21 people in Ukraine killed by Russian artillery that destroyed school

Merefa Mayor Veniamin Sitov said the attack occurred just before dawn on Thursday.
21 people in Ukraine killed by Russian artillery that destroyed school

A couple of Ukrainian soldiers walks hand in hand amid Russian invasion of Ukraine in Kyiv. Picture: SERGEI SUPINSKY/AFP via Getty Images

Twenty-one people have been killed by Russian artillery that destroyed a school and a community centre in Merefa, near the northeast city of Kharkiv, officials said.

Merefa Mayor Veniamin Sitov said the attack occurred just before dawn on Thursday.

The Kharkiv region has seen heavy bombardment as stalled Russian forces try to advance in the area.

In the city of Chernihiv, northeast of Kyiv, Ukraine’s emergency service says a hostel was shelled, killing a mother, father and three of their children, including 3-year-old twins.

Russian forces in Ukraine are blasting cities and killing civilians but no longer making progress on the ground, Western countries said on Thursday, as a war Moscow was thought to have hoped to win within days entered its fourth week.

Viacheslav Chaus, governor of Chernihiv, said 53 civilians had been killed there in the past 24 hours. The toll could not be independently verified.

In the capital Kyiv, a building in the Darnytsky district was extensively damaged by what the authorities said was debris from a missile shot down early in the morning.

As residents cleared glass and carried bags of possessions away, a man knelt weeping by the body of a woman which lay close to a doorway, covered in a bloody sheet.

The New York Times has reported that the Pentagon estimates that more than 7,000 Russian troops have been killed since the start of the war three weeks ago — more than all American troops killed in 20 years of war in Iraq and Afghanistan combined.

British military intelligence said in an update on Thursday that the invasion had "largely stalled on all fronts", and Russian forces were suffering heavy losses from a staunch and well-coordinated Ukrainian resistance.

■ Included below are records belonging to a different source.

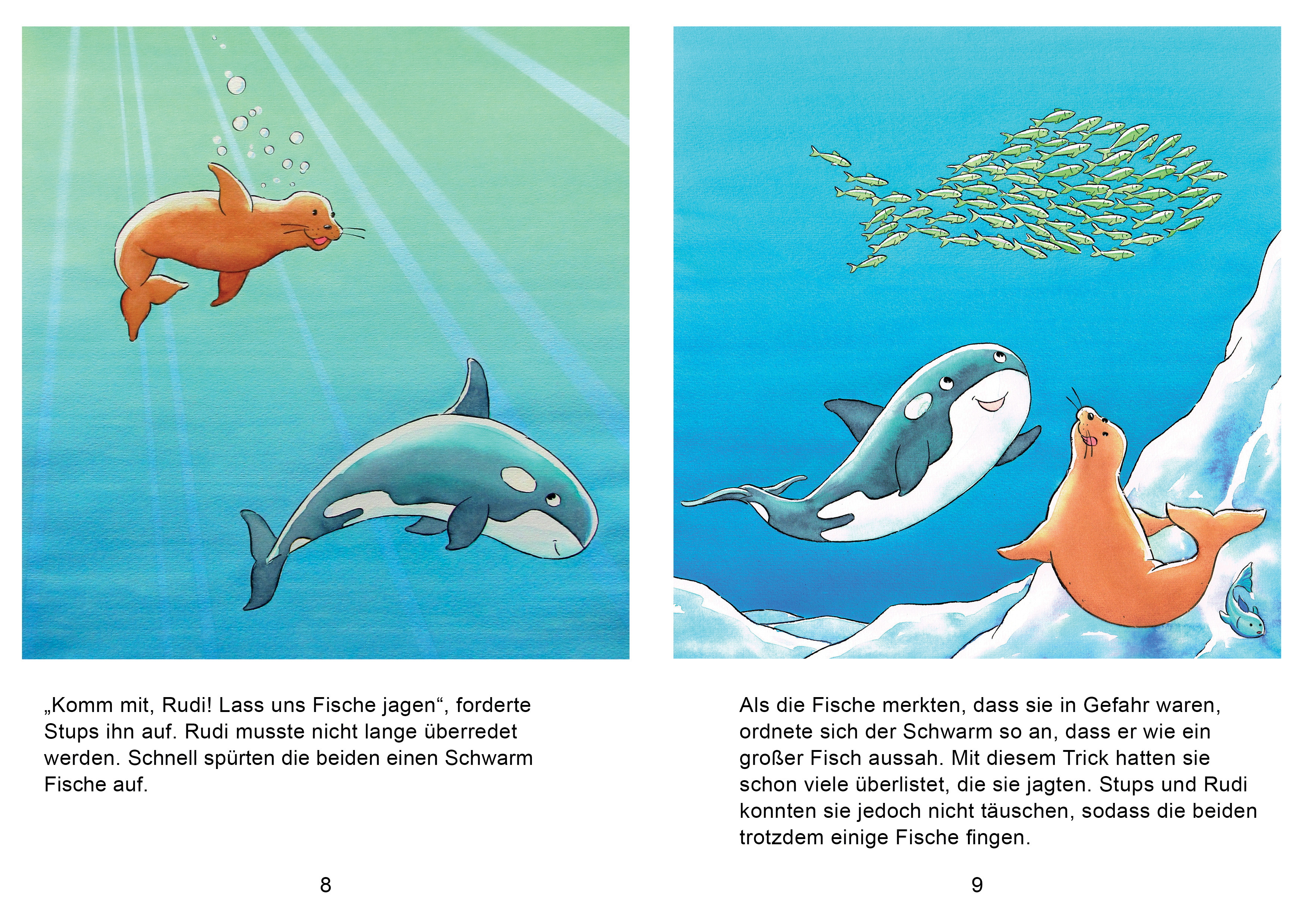 Stups, der Schwertwal, und der Seehund Rudi sind die besten Freunde. Im Eismeer erleben sie gemeinsam tolle Abenteuer. Doch eines Tages gerät Rudi in große Gefahr. Stups überlegt verzweifelt, wie er seinem Freund Rudi helfen kann. Da hat er eine tolle Idee.
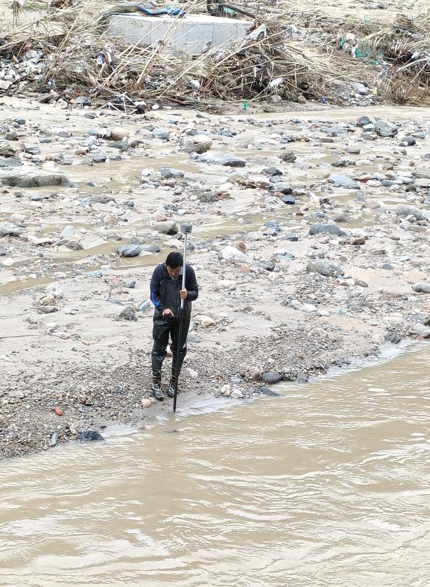 同时,水环境设计院技术专家到达一线后,立刻开展洪水灾害调查,统计受灾面积和洪水影响范围,连夜商讨制定抢险方案,测量工作人员利用无人机航测开展断面测量和洪痕调查,统计受灾情况,为灾情分析和隐患排查提供技术支持和数据参考。
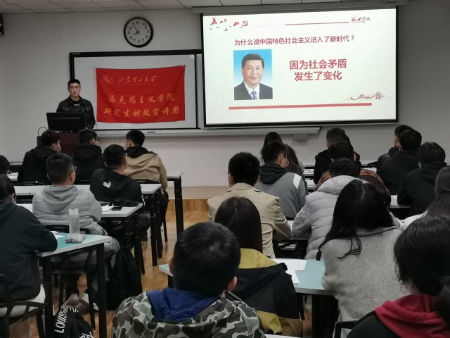 11月7日晚7:00,山东理工大学马克思主义学院时政宣讲团的“忆往昔峥嵘岁月,庆今朝七十华诞”主题时政宣讲在12号教学楼211教室开讲,2019年下半年党员发展对象参加,此次时政宣讲也是我院党员发展对象培训的重要环节。
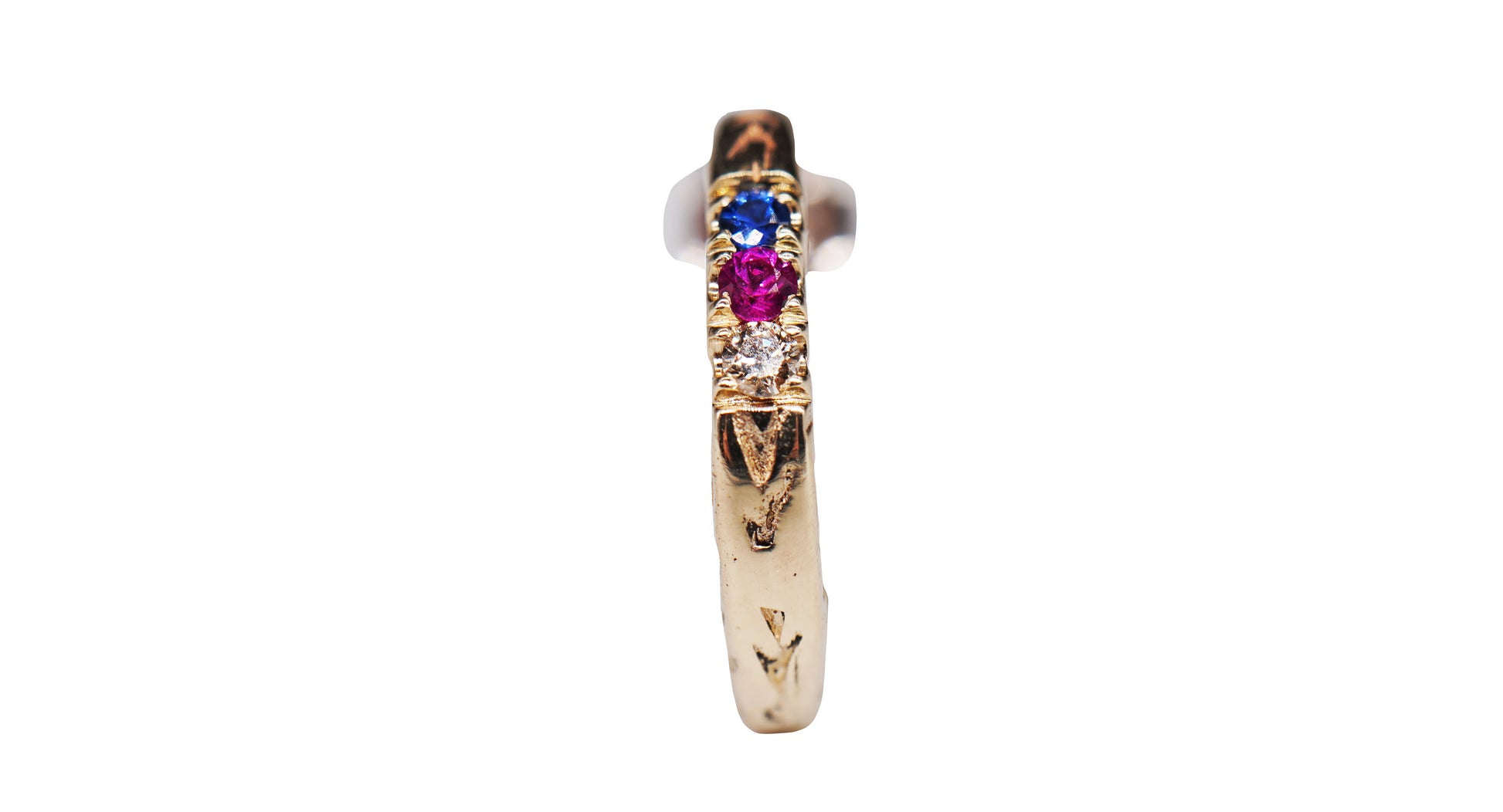 Fascia larga 2 mm in oro 9k con tre pietre preziose.
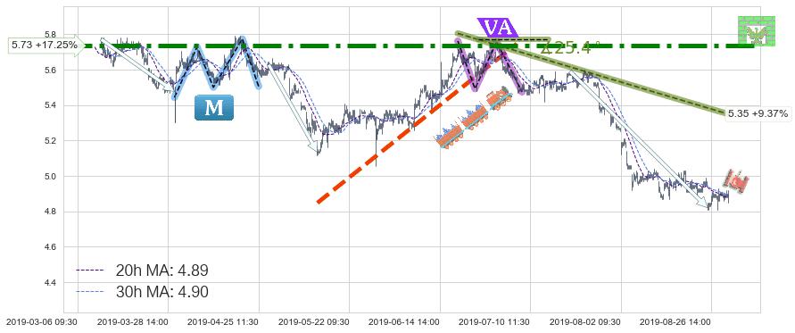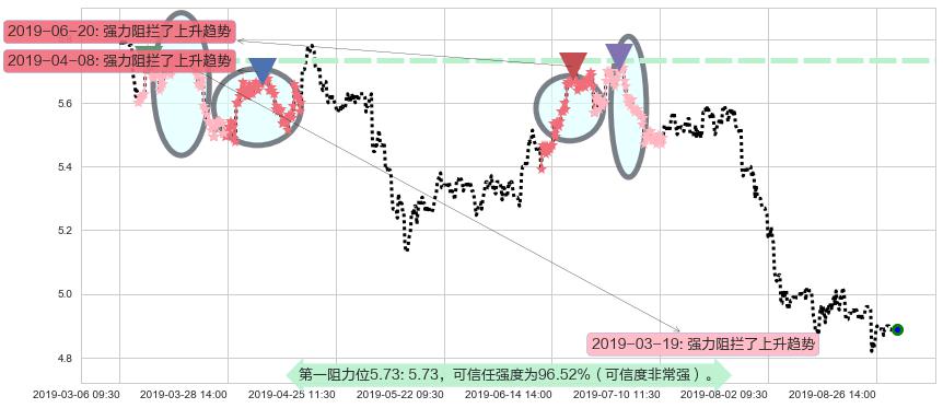 ♘ 阻力价格位5.73,可信任强度96.52%,距离最后交易2019-08-29 15:00形成的收盘价格4.89相差 +17.25%
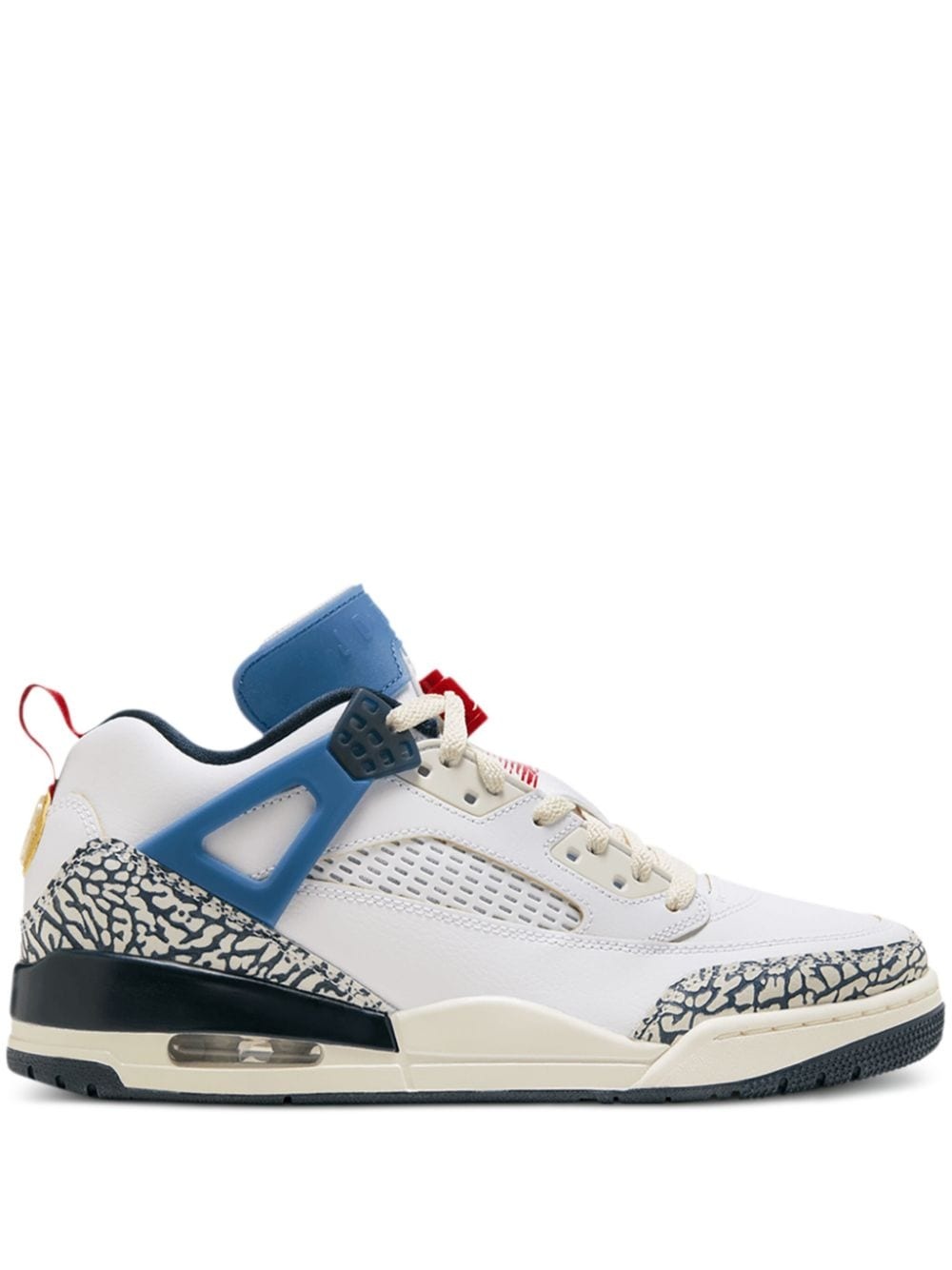Jordan Spizike "White/Armory Navy/Aegean Storm/Gym Red" sneakers Highlights - White/multicolour - Leather - Front lace-up fastening - Ridged rubber sole - Signature air max sole - Signature exposed air unit - Signature air cushioning - Pull-tab at the heel - Padded ankle - Colour-block panelled design - Mesh detailing - Cracked effect - Logo patch at the tongue - Signature jumpman motif - Round toe - These styles are supplied by a premium and authenticated sneaker marketplace. stocking only the most sought-after footwear, they source and curate some of the most hard to find sneakers from around the world. Imported Composition Sole: Rubber 100% Outer: Mesh 100%, Leather 100% Lining: Fabric 100%
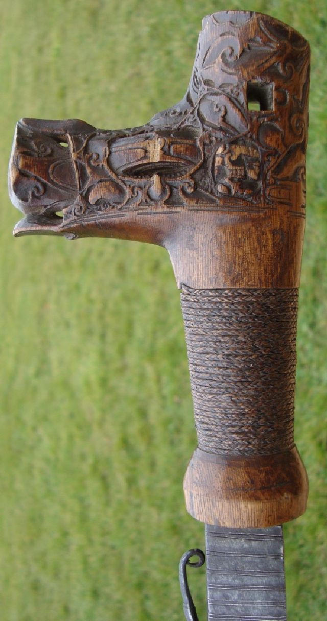 Wooden hilts are among collectors less valued that antler however they are interesting as the carved is more free to carve what he wants.
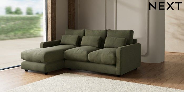 7.2.6 Buy N Premium Farndon Grand Relaxed Sit Medium Sofa Chaise - Left Hand Ripple Chenille Mid Moss Green Wooden Glide - Dark from the Laura Ashley online shop Click here to use our website with more accessibility support, for example screen readers
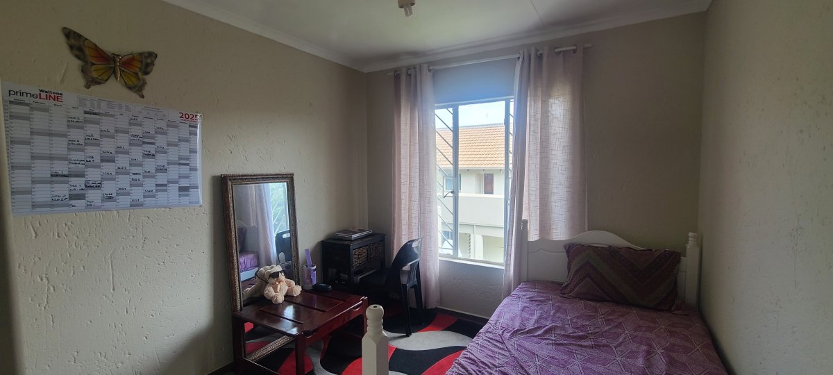 The open-plan lounge and tiled kitchen create a spacious feel, with the kitchen featuring ample built-in cupboards, a breakfast nook, and an electric stove and oven! The main bedroom includes built-in cupboards and a ceiling fan, plus an ensuite bathroom! Two additional bedrooms, also with built-in cupboards, share a family bathroom! The well-maintained complex boasts a communal garden and swimming pool for residents to enjoy! Located in a boomed-off area with 24-hour security, CCTV cameras, and high walls with electric fencing, this unit provides peace of mind! Conveniently located near Karaglen, Greenstone, and Stoneridge shopping centers, it offers easy access to amenities, major highways, and OR Tambo International Airport!

Russia has assaulted Ukraine from four directions, sending two massive columns towards Kyiv from the northwest and northeast, pushing in from the east near the second biggest city Kharkiv, and spreading in the south from Crimea.

Northeastern and northwestern suburbs of Kyiv have been reduced to rubble by heavy fighting, but the capital itself has held firm, under a curfew and subjected to deadly nightly rocket attacks.

Elsewhere, foreign ministers from the Group of Seven leading economies are calling on Russia to comply with the International Court of Justice’s order to stop its attack on Ukraine and withdraw its military forces.

In a joint statement, the G-7′s top diplomats condemned what they described as “indiscriminate attacks on civilians” by Russian forces including the siege of Mariupol and other cities.

Meanwhile, a UN agency has warned that the conflict in Ukraine is likely to hinder access to food and fuel for many of the world’s most vulnerable people.

A report by the United Nations Conference on Trade and Development notes that Russia accounted for nearly a third of wheat imports for Africa, or $3.7bn, in 2018-2020, while 12%, worth $1.4bn, came from Ukraine.

The report said initial assessments point to a “substantive reduction” in access to food and fuel despite efforts to prevent the disruption to supplies of key commodities such as wheat.

Meanwhile, rising costs for shipping and for grains and other staple foods is pushing prices higher, hitting poorest people the hardest, the report says.

The report said up to 25 African countries, especially the least developed economies, relied on wheat imports from Russia and Ukraine.

The lack of spare capacity in Africa limits the ability of those countries to offset any lost supplies, while surging costs for fertiliser will be an extra burden for farmers.